喪彪也跳下車,朝潯哥撲過去,兩個前腿豎起來抱住潯哥的後腰,熱情的不得了。
不知道的還以為他倆幾天沒見了呢,其實也才一個多時辰沒見。
“吃了,不餓!”潯哥知道阿姐擔心,拍著肚子說自己不餓,其實咋可能不餓,早上一碗稀稀拉拉的地蛋湯。
吃完水就在肚子裡晃盪,壓根不頂餓,這才一個多時辰,他的肚子已經空了。
穆常安把早上沒吃的四個地蛋拿出來,給圍過來的村裡娃分了,有了吃的小娃娃們高興的不行。

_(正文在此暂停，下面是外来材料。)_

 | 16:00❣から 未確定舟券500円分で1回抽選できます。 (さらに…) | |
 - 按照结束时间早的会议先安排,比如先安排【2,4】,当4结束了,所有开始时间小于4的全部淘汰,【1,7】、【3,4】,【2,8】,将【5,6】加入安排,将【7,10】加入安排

雖然一人只分到一口,也高興,圍著兩人嘰嘰喳喳說個不停。
直到有金這些大人過來,一群小娃才散。
看看兩人不太好的神色,又算算時間,有金這些大人就知道此行不順。
大夥默契的沒問啥。
“分地那邊是誰盯著?”穆常安打破沉默問。
“二柱叔還有我爹他們盯著呢。”有金朝房子前面的荒地指了指,“正分著呢,都是先挑離房子進的荒地分給咱們。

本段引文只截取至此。